Records from a collection
________________________________________

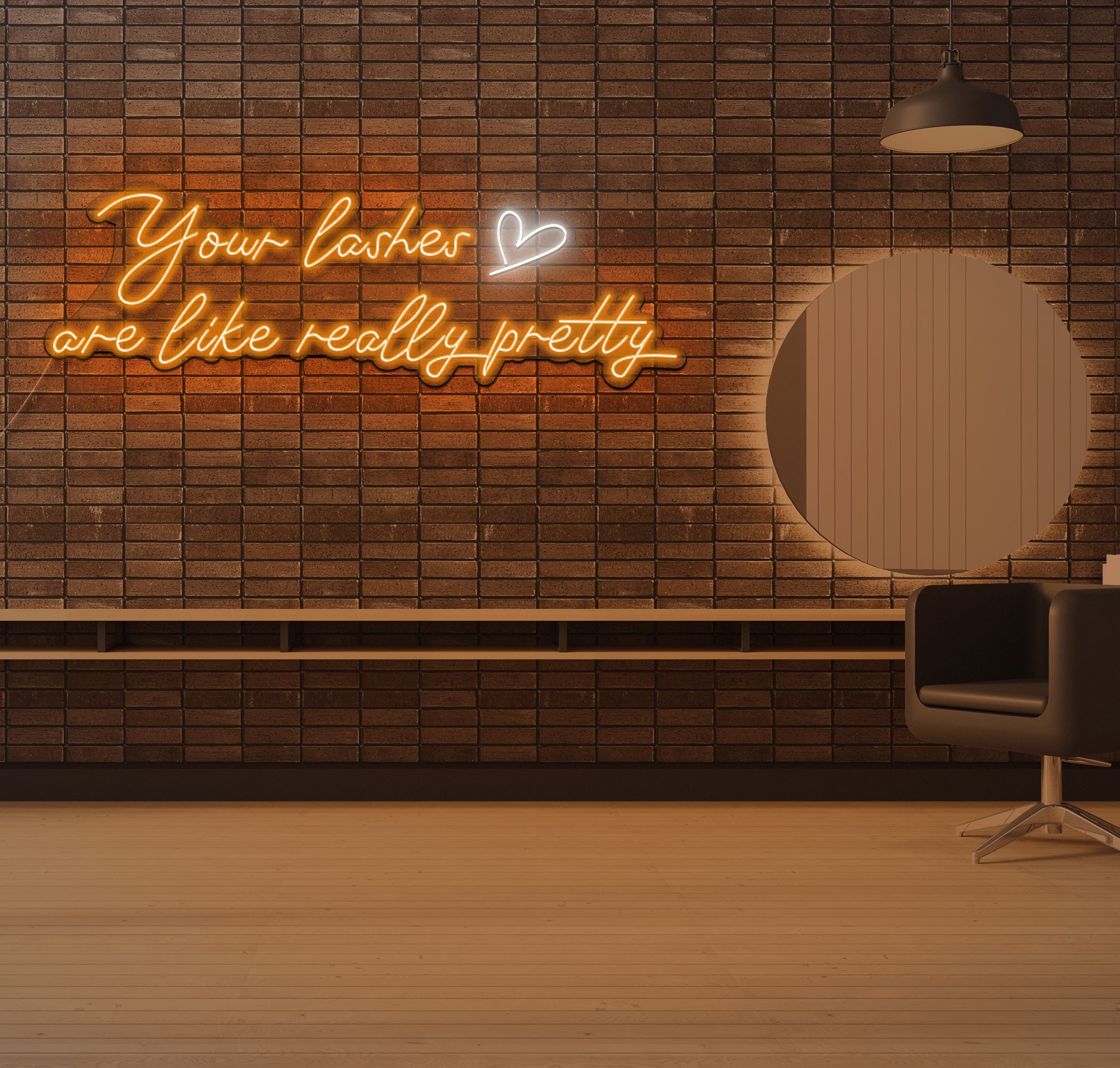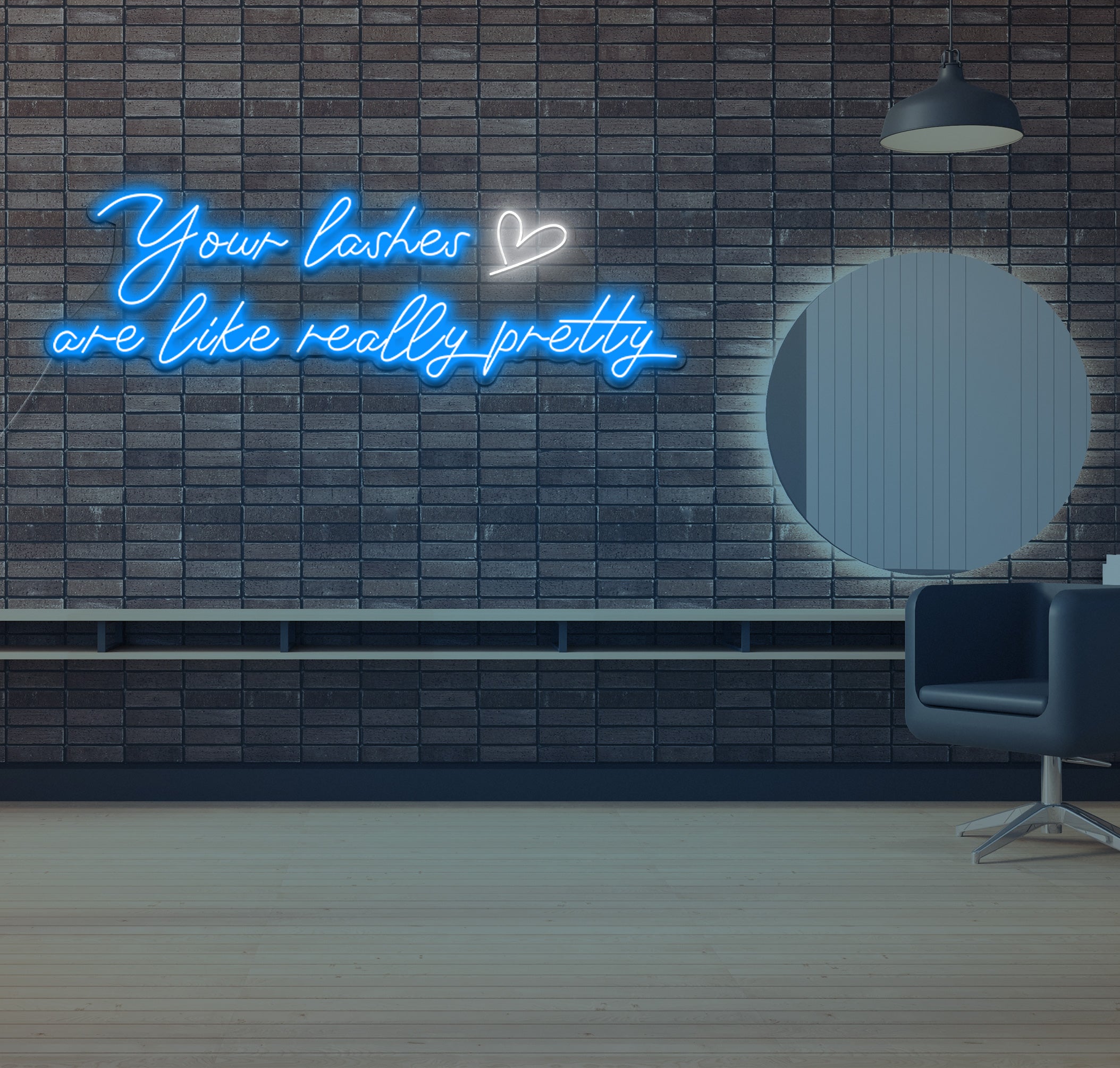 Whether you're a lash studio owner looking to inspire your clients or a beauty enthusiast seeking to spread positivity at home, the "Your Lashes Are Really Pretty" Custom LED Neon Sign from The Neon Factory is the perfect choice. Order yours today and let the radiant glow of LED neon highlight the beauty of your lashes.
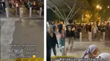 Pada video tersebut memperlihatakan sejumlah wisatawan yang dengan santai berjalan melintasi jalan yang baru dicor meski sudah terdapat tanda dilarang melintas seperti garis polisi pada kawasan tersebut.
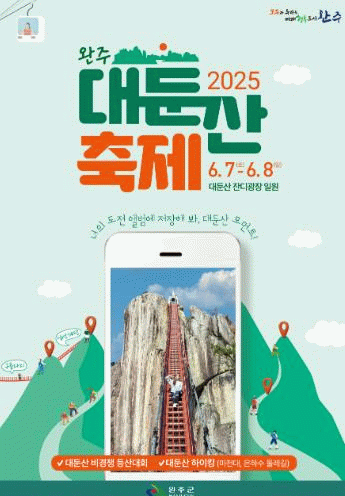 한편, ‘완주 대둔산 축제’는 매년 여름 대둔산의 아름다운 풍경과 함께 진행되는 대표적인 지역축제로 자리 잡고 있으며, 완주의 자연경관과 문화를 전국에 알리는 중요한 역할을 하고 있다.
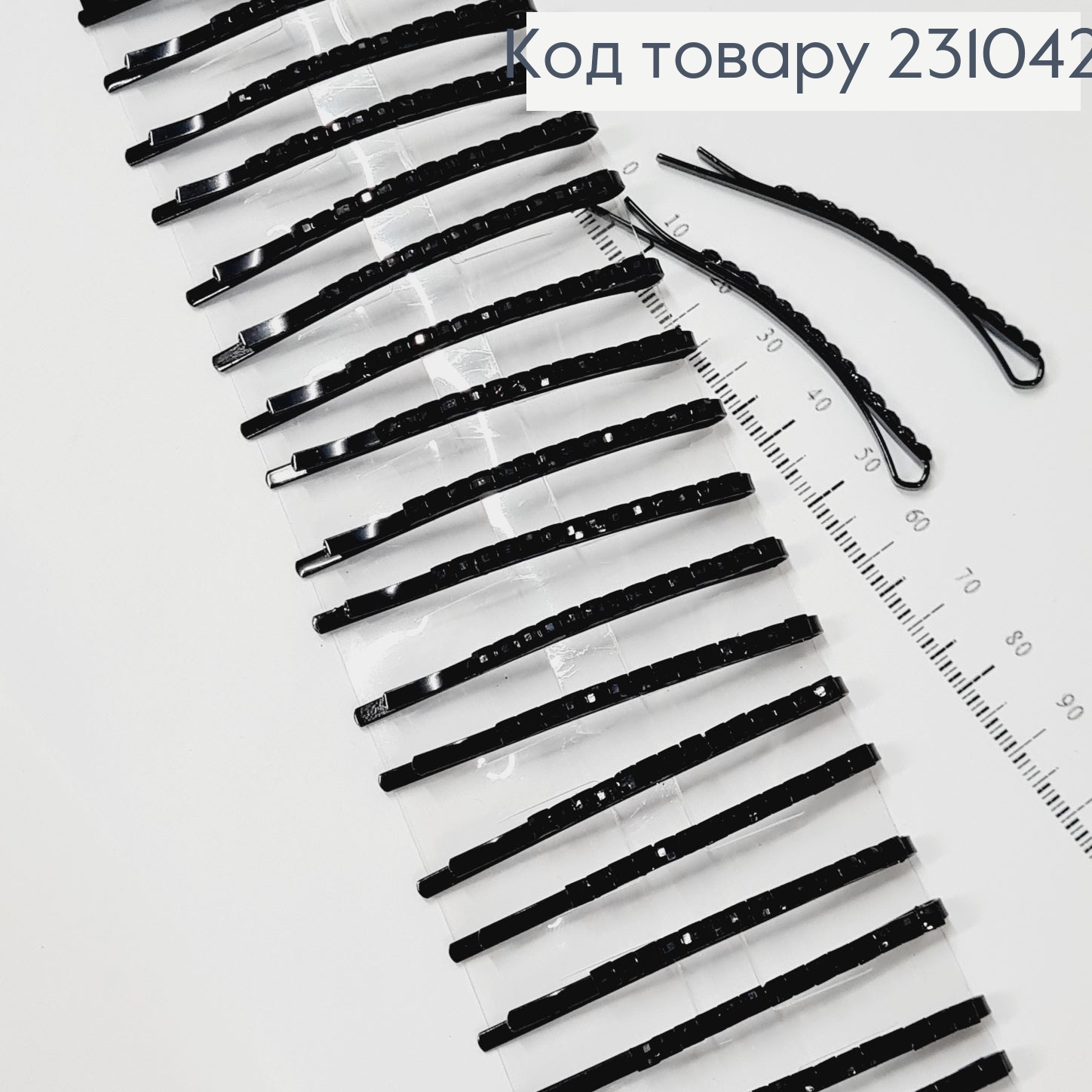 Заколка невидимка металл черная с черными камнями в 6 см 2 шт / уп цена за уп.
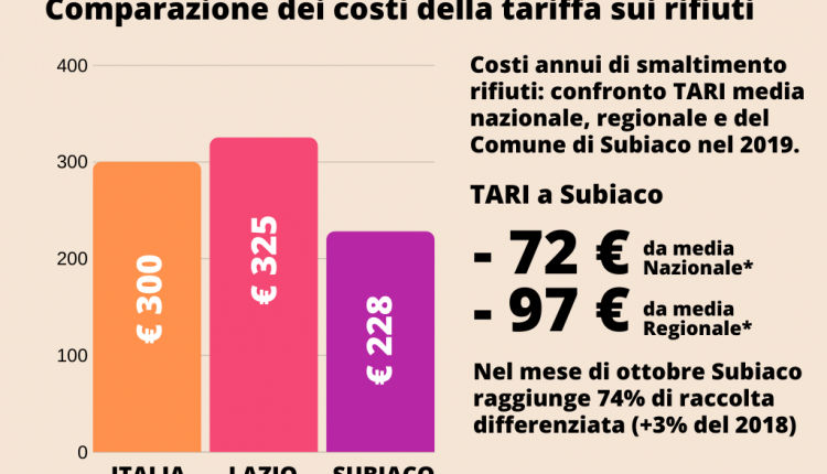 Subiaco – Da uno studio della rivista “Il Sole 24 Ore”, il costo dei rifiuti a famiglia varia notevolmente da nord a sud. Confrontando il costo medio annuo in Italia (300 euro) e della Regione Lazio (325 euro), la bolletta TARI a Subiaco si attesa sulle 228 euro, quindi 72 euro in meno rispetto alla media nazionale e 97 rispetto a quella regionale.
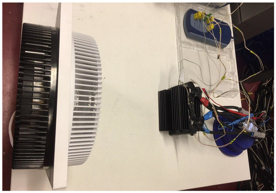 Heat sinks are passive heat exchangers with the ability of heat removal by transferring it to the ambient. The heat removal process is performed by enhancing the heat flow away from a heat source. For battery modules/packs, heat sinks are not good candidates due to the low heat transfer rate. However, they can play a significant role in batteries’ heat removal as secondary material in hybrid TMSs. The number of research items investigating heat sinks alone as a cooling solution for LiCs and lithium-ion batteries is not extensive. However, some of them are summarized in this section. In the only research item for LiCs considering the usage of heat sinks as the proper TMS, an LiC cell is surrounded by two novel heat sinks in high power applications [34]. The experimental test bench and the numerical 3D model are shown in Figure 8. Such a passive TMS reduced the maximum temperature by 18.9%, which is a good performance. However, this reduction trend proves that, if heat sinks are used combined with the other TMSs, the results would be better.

________________________________________

EXERCISE OBJECTIVE
Give back exactly the lines above from the one with "Заколка невидимка металл" through the one with "Subiaco – Da", both included. Pictures don't belong in the copy.

OUTPUT OF THE EXERCISE
 Заколка невидимка металл черная с черными камнями в 6 см 2 шт / уп цена за уп.
 Subiaco – Da uno studio della rivista “Il Sole 24 Ore”, il costo dei rifiuti a famiglia varia notevolmente da nord a sud. Confrontando il costo medio annuo in Italia (300 euro) e della Regione Lazio (325 euro), la bolletta TARI a Subiaco si attesa sulle 228 euro, quindi 72 euro in meno rispetto alla media nazionale e 97 rispetto a quella regionale.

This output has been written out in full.